Allow searching for public french digital initiatives across a directory or by talking to an assistant
https://github.com/betagouv/etabli

ai directory france french government gpt initiative llm local-authority product project service

Last synced: about 2 months ago
JSON representation

Allow searching for public french digital initiatives across a directory or by talking to an assistant

Awesome Lists containing this project

README

        

# Établi

A french national platform allowing agents and citizens to search for public digital initiatives across a directory or by talking to an assistant. It improves visibility and so discoverability so people no longer miss what has been done.
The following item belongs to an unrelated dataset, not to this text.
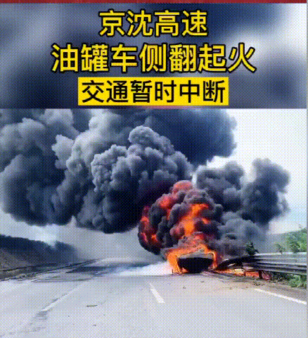 京沈高速遼寧錦州段沈陽方向452公里處一輛油罐車和廂貨車相撞起火

- The project is available onto: https://etabli.incubateur.net _(#production)_

All the states of the application are described visually on a Storybook. It renders fake data but allows you to discover the project without dealing with real flows: https://main--65cba764ca6d6f49d5b40e50.chromatic.com/

## Datasets

We rely on 3 datasets to compute initiative sheets into Établi:

- [dinum/noms-de-domaine-organismes-secteur-public](https://gitlab.adullact.net/dinum/noms-de-domaine-organismes-secteur-public/) to retrieve public french domains
- [code.gouv.fr](https://code.gouv.fr/public/) to retrieve public french repositories
- [captn3m0/stackshare-dataset](https://github.com/captn3m0/stackshare-dataset) based on the [StackShare](https://stackshare.io/) data to build a fixed list of tools to bind initiatives to

_This is important to understand to detect new websites or new repositories they must be listed in the first two. Also, note we have no control over their acceptance process._

## Usage

This repository uses `make` CLI to ease the commands, have it installed and run:

```
make deps
```

Then you can have a look at the `Makefile` file to see common available commands.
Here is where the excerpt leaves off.